> **Activity**
Beginning at the line containing "2、用干燥、潔凈的比色管或適", repeat each line below exactly up to and including the line containing "圖5、克拉克型微電極氣體傳感". Do not repeat the pictures.

Data provided Block Start

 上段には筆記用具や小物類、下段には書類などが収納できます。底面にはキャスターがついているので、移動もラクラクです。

Data provided Block End
Data provided Block Start

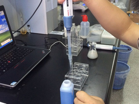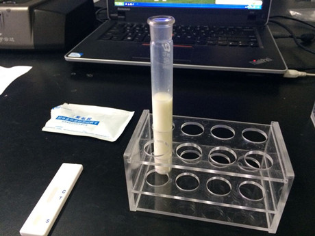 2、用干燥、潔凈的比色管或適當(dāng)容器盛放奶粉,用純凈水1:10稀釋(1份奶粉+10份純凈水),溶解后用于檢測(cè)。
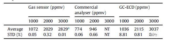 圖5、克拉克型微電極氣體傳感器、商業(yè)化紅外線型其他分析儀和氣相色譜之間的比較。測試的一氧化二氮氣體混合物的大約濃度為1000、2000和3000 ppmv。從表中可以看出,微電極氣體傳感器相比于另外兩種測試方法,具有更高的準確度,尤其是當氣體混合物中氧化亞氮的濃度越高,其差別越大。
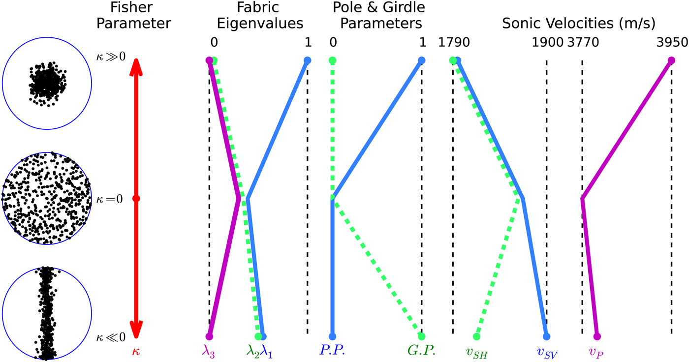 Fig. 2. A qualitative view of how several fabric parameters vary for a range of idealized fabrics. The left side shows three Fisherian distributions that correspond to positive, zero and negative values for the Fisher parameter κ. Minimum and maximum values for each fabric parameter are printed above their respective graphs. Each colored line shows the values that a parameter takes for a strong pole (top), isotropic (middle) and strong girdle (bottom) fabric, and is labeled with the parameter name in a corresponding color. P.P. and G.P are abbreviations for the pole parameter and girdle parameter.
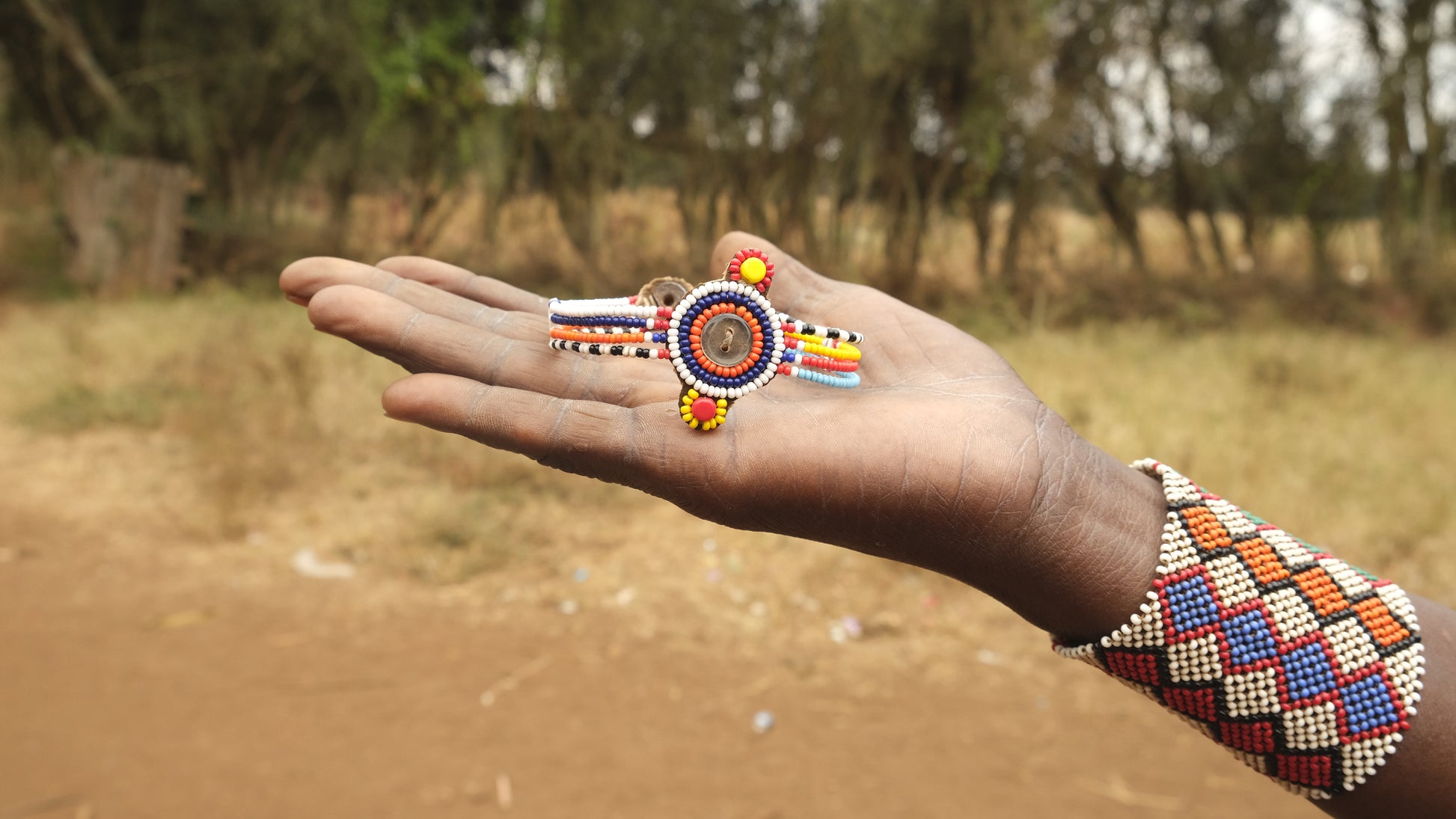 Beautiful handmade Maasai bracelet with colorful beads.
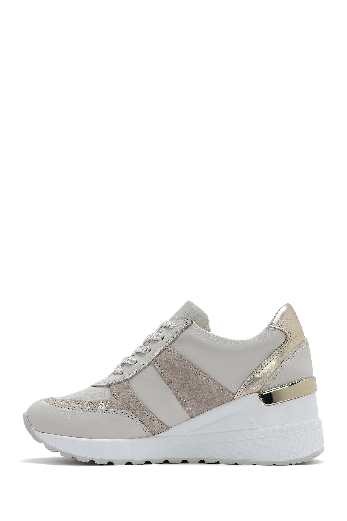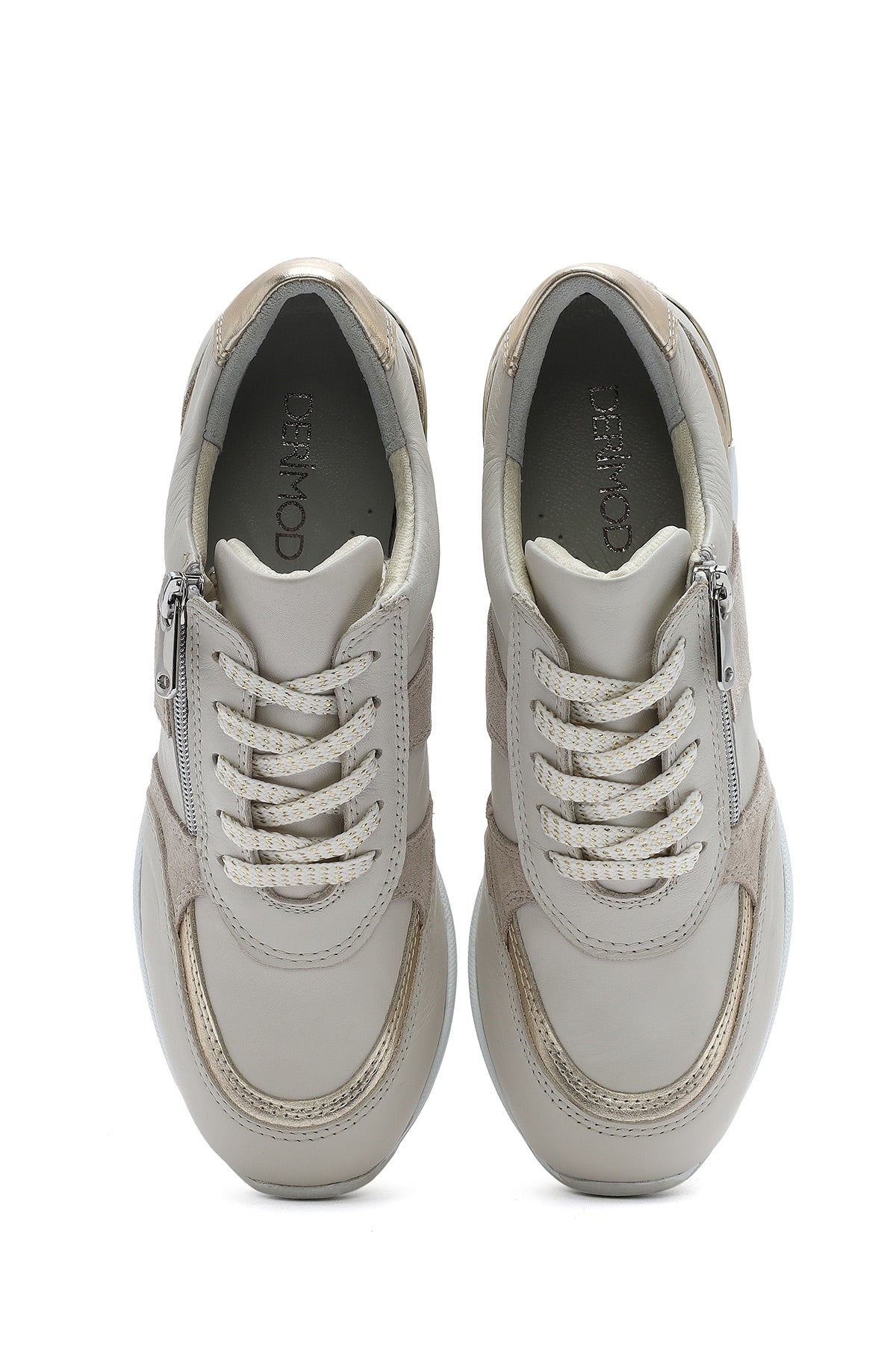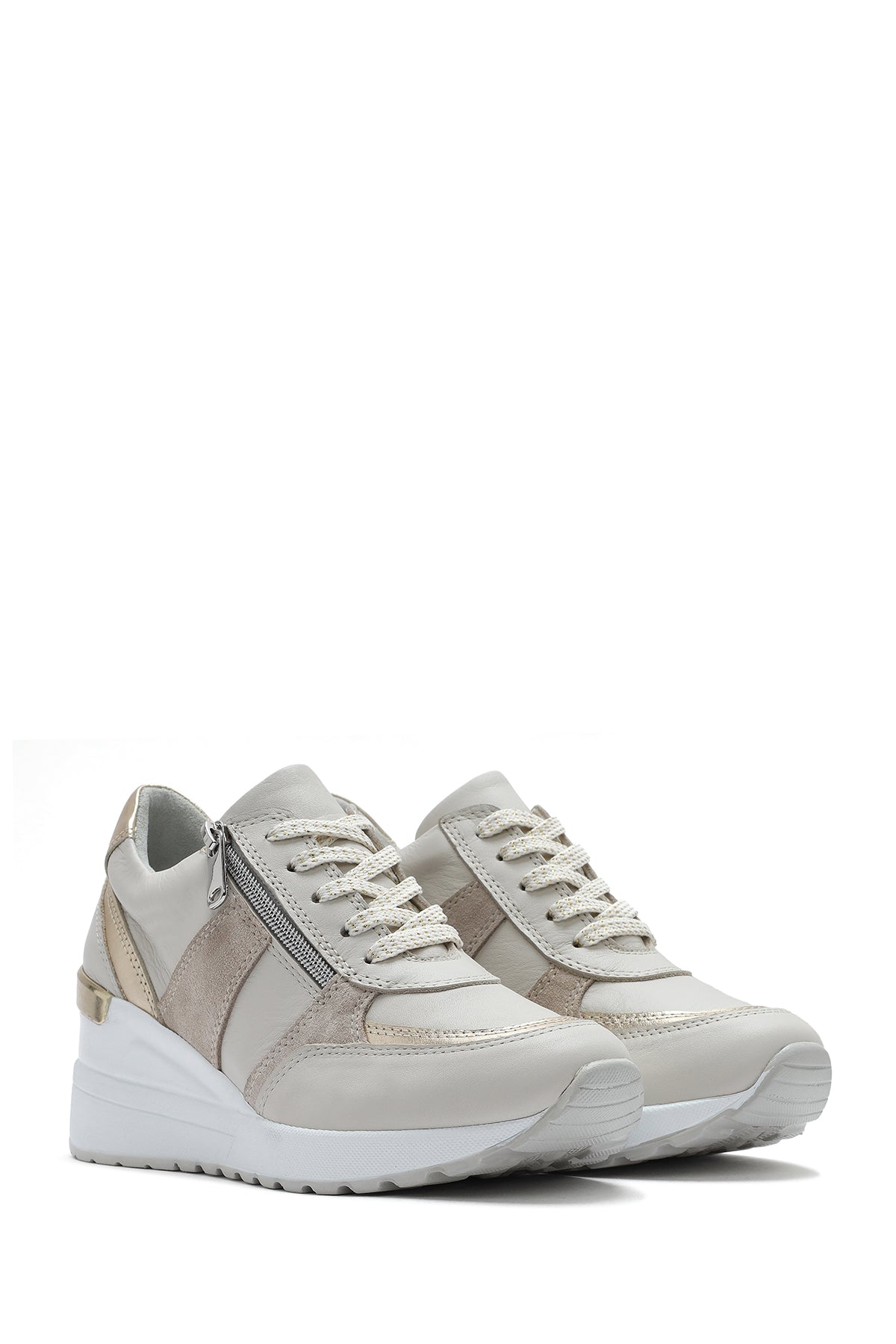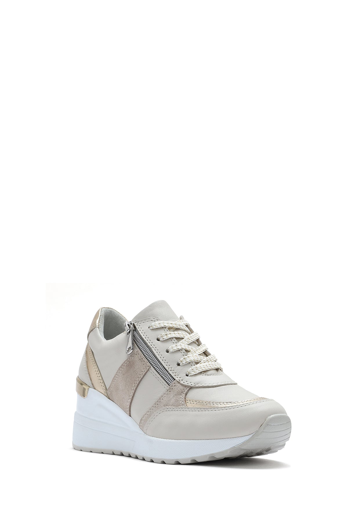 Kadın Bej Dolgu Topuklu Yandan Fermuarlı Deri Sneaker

Data provided Block End

> **Solution to this exercise**
 2、用干燥、潔凈的比色管或適當(dāng)容器盛放奶粉,用純凈水1:10稀釋(1份奶粉+10份純凈水),溶解后用于檢測(cè)。
 圖5、克拉克型微電極氣體傳感器、商業(yè)化紅外線型其他分析儀和氣相色譜之間的比較。測試的一氧化二氮氣體混合物的大約濃度為1000、2000和3000 ppmv。從表中可以看出,微電極氣體傳感器相比于另外兩種測試方法,具有更高的準確度,尤其是當氣體混合物中氧化亞氮的濃度越高,其差別越大。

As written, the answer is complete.